= Phidippides cardiomyopathy =

Phidippides cardiomyopathy refers to the cardiomyopathic changes that occur after long periods of endurance training. This term was coined by Justin E. Trivax and his colleague Peter A. McCullough in 2012 following Trivax's research of marathon runners.

In 490 BC, during the Greco-Persian War, Persian King Darius I launched an attack on the outnumbered Greeks, prompting the legendary Greek herald, Pheidippides to run nearly 150 miles from Athens to Sparta for military support. Although the Spartans agreed to help, they could not leave immediately due to religious obligations, and Pheidippides returned to Athens. He then fought at the Battle of Marathon where he learned that the Greeks had defeated the Persians. After running another 26.2 miles to Athens to announce the victory, he collapsed and died after exclaiming, "We are victorious!" This was the first alleged account of long-distance running resulting in mortality, although its historicity is doubted.

It has been proposed by Trivax et al. that strenuous exercise results in a cascade of events starting with the effects of training for long-distance events which may result in left ventricular dilation, left ventricular hypertrophy, and increased left ventricular mass. The acute effects of exercise including increased catecholamines, increased oxygen demand, increased preload and afterload, metabolic derangements, acute kidney injury, dehydration, elevation of troponin, CK, CK-MB, and natriuretic peptides. This results in right atrial and right ventricular strain and dilation, right ventricular hypokinesis and marked diastolic dysfunction. Subacute effects of exercise include increased expression of cardiac fibrotic markers including TGF, fibronectin-1, collagens, MMP-2 and TIMP1. Chronic effects include increased cardiac chamber sizes, patchy areas of fibrosis, atrial and ventricular arrhythmias and increased risk of sudden cardiac death.

This has been quoted in the literature multiple times and has been inaccurately thought that James O'Keefe had coined the term. He was speaking about the sudden death of Micah True, a 58-year-old ultrarunner and cult hero a.k.a. Caballo Blanco who died on a 12-mile training jog in the rugged Gila Wilderness of southwest New Mexico. After an autopsy, the Albuquerque coroner wrote that “Micah True died as a result of cardiomyopathy during exertion”. Since then, multiple websites have warned their readers on the possible damage from prolonged endurance training.

The suggested etiology for Phidippides cardiomyopathy is the cardiac remodeling from prolonged strenuous exercises.
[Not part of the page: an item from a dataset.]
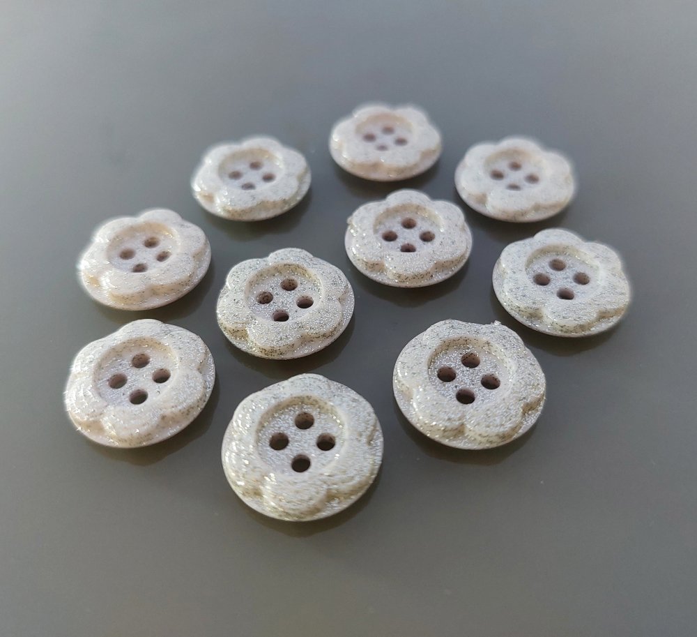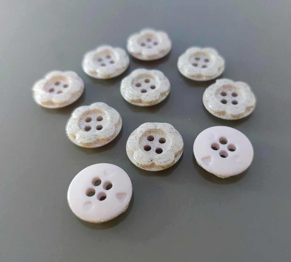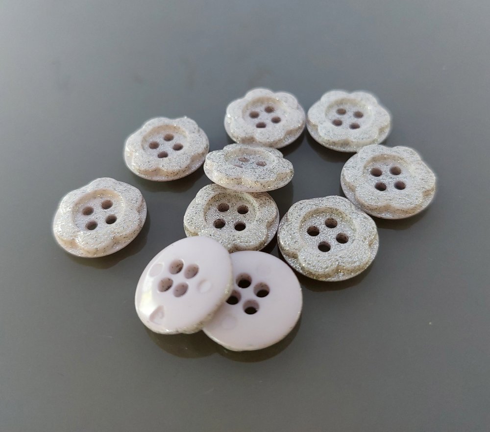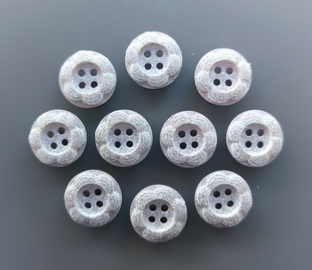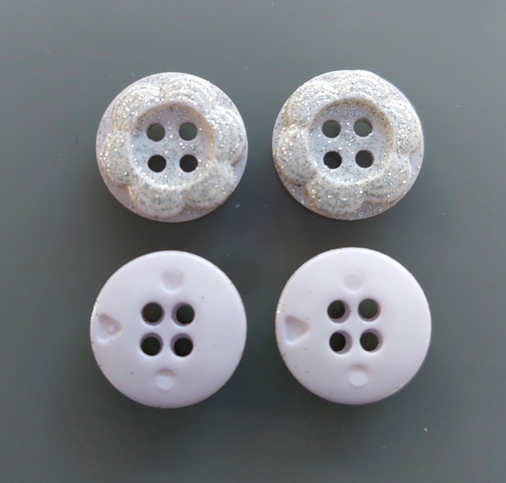 10 boutons fleurs 15 mm plastique mauve pâle et paillettes argentées

The repeated prolonged states of volume overload in the right atrium and right ventricle from endurance training will lead to chronic structural changes. Long term changes include patches of cardiac fibrosis which can allow zones of re-entry for cardiac arrhythmias.

It is suggested that cardiac MRI is the best imaging modality to investigate this condition.

== Controversy ==
There is not much evidence describing this condition and other than a case report, no other studies have corroborated the pathophysiological changes suggested by McCullough.

Not all experts agree with Trivax and McCullough. Many feel that further research is necessary to understand this condition better.